- The Washington Times - Monday, September 18, 2000

Human Genome Sciences Inc. is a leader in its field, a fact reflected in its partnerships and finances.

The Rockville-based company researches and makes drugs and diagnostic products based on its knowledge of human genes.

"They have very good management, about $860 million in cash, and last week they filed to sell $1 billion of securities," said Yi Ri, an analyst with Mehta Partners in New York. "That means they have money for everything for the next two years."

Last week HGS also said it bought Principia Pharmaceutical Corp., a drug development company, for about $120 million in shares.

"The acquisition provides HGS with a powerful technology for increasing the production, efficiency and stability of protein therapeutics and peptide therapeutics that HGS is developing," Alex To, an analyst with Credit Suisse First Boston, wrote in his weekly report on the company.

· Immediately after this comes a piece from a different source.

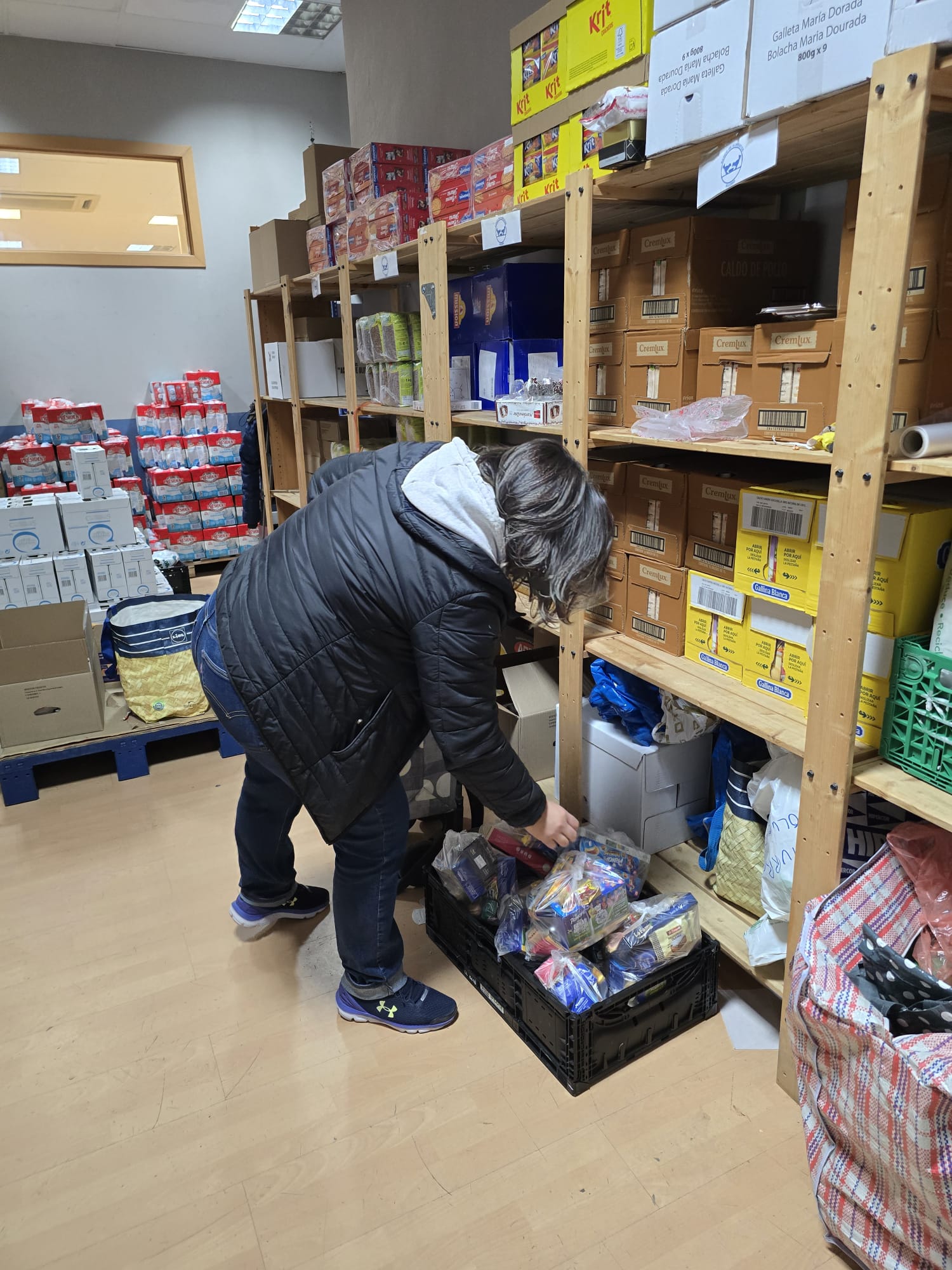 Una vez al mes se descarga un camión con todos los alimentos recibidos del Banco de alimentos y la ayuda de los voluntarios es siempre muy bien recibida para poder mover los alimentos del camión al almacén.

Shares of HGS closed Friday at $xxx on Nasdaq. That price is off the stock's 52-week high in March of $232.75. But it is also well above the $34.75 it was valued a year ago.

Since its foundation in 1991, HGS had been exploring genes by using shortcut techniques, because scientists did not yet have a map of the human genes. The completion of such a map was announced in June, but HGS had a head start.

The company collaborates with a dozen pharmaceutical giants such as SmithKline Beecham.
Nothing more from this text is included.